◆ **What is required**: From the material below, retype exactly the lines that begin at the line with "Обирайте те, що" and end after the line with "荒川ロックゲートに設置されている風速計。"; pictures stay out of the copy.

◆ **Records for this task**:
↓↓↓
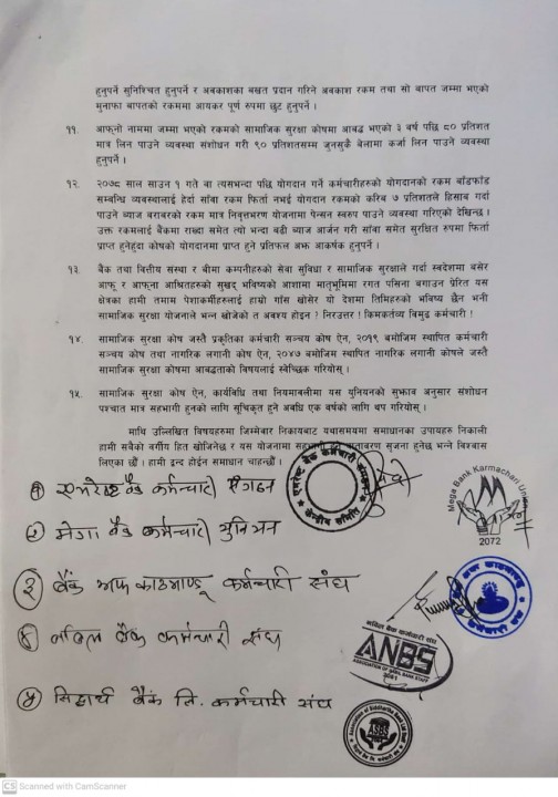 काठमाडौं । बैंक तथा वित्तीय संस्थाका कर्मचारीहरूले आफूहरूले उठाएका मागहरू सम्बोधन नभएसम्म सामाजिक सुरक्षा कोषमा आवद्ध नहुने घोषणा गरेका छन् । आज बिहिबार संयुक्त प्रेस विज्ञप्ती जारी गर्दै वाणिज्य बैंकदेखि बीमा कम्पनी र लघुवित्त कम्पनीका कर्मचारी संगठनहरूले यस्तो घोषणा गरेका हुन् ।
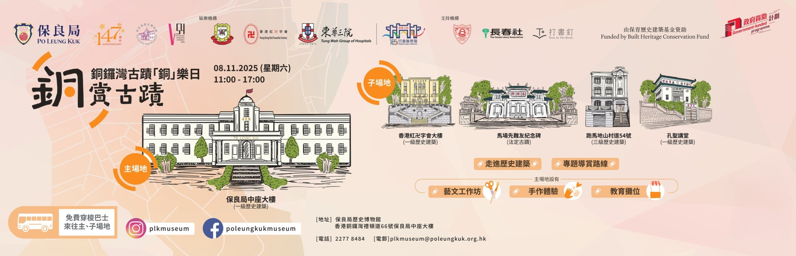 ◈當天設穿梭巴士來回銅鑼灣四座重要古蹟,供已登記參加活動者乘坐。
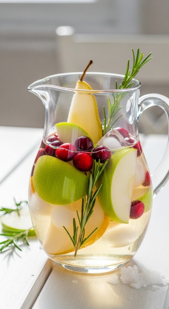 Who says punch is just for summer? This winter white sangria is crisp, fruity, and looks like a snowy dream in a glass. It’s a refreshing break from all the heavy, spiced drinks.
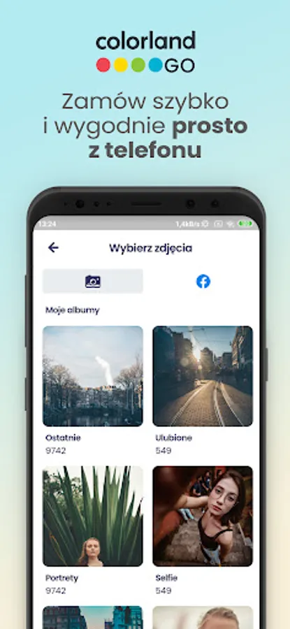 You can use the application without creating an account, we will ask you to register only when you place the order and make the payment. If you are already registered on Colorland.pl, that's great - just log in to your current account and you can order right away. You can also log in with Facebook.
↑↑↑
↓↓↓
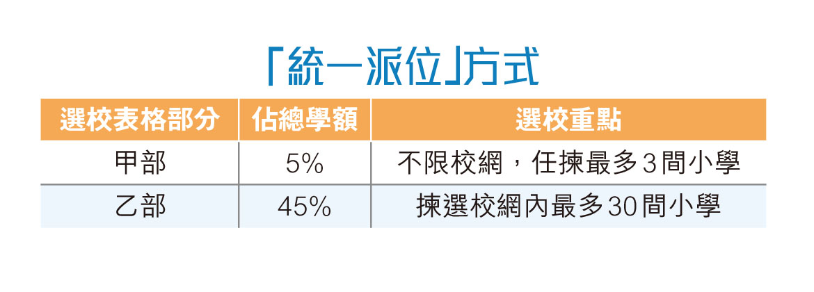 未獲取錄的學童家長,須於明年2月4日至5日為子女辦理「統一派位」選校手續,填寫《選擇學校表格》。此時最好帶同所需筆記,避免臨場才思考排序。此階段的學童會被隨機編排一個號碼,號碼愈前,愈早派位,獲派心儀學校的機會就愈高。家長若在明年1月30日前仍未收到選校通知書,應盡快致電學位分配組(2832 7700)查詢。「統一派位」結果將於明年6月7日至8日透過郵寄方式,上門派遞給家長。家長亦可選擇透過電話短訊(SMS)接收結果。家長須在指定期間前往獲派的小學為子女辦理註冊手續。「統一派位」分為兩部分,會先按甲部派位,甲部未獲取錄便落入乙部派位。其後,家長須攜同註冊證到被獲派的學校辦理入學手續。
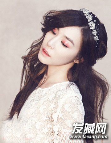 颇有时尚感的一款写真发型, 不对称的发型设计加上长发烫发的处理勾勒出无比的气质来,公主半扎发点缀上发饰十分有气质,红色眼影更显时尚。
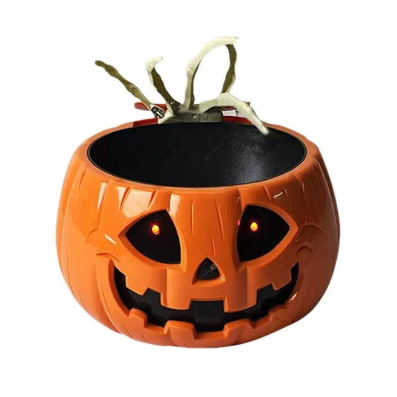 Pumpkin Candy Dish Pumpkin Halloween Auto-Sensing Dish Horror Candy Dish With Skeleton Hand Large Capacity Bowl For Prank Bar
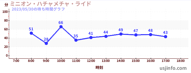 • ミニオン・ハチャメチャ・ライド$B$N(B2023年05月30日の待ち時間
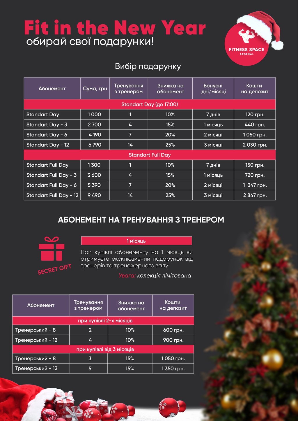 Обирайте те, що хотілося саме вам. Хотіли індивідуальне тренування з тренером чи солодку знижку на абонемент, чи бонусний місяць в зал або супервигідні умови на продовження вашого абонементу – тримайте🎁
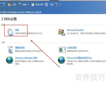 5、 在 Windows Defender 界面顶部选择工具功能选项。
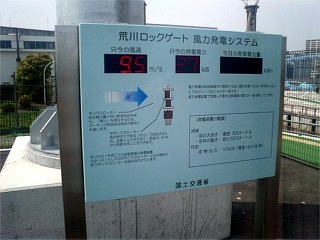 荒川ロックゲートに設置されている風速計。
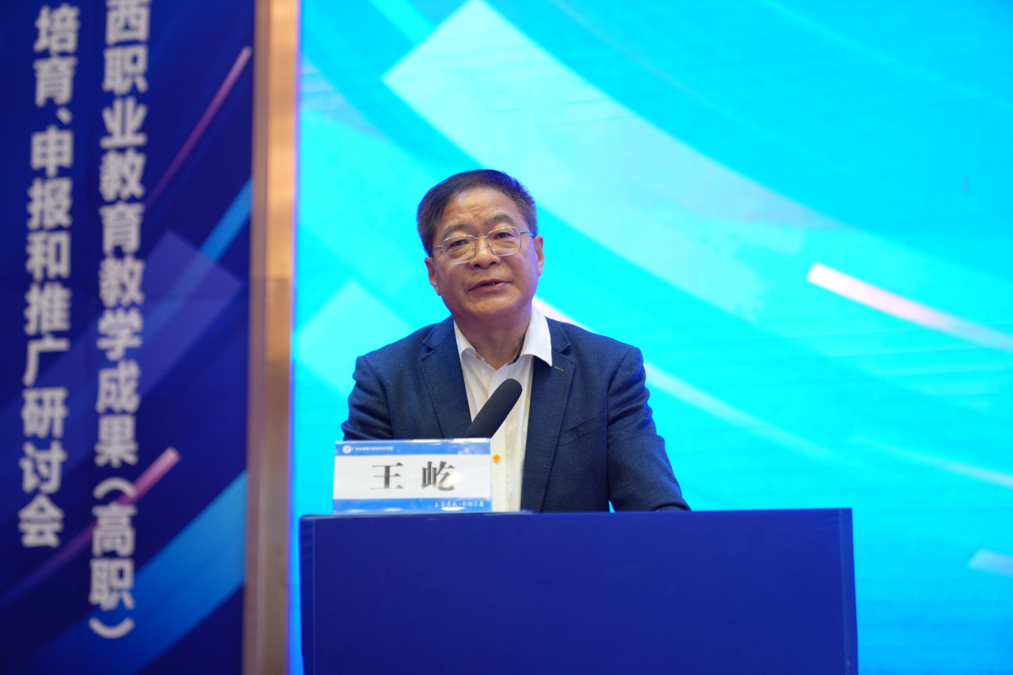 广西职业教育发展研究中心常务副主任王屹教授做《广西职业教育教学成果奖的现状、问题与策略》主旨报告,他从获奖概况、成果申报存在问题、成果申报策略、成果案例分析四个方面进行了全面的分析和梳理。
↑↑↑
↓↓↓
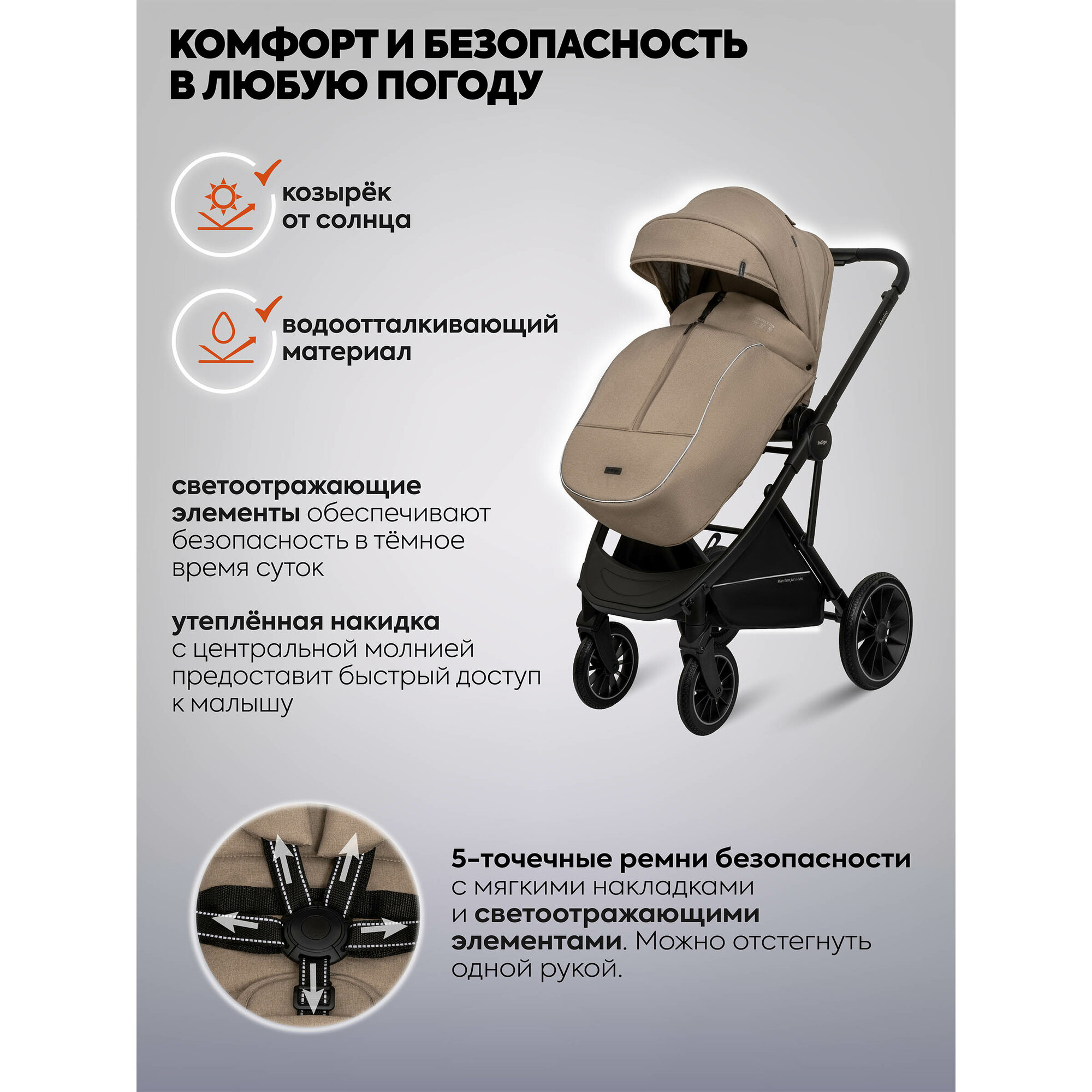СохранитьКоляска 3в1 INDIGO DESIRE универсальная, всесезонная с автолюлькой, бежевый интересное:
↑↑↑
◆ **Task solution**:
 Обирайте те, що хотілося саме вам. Хотіли індивідуальне тренування з тренером чи солодку знижку на абонемент, чи бонусний місяць в зал або супервигідні умови на продовження вашого абонементу – тримайте🎁
 5、 在 Windows Defender 界面顶部选择工具功能选项。
 荒川ロックゲートに設置されている風速計。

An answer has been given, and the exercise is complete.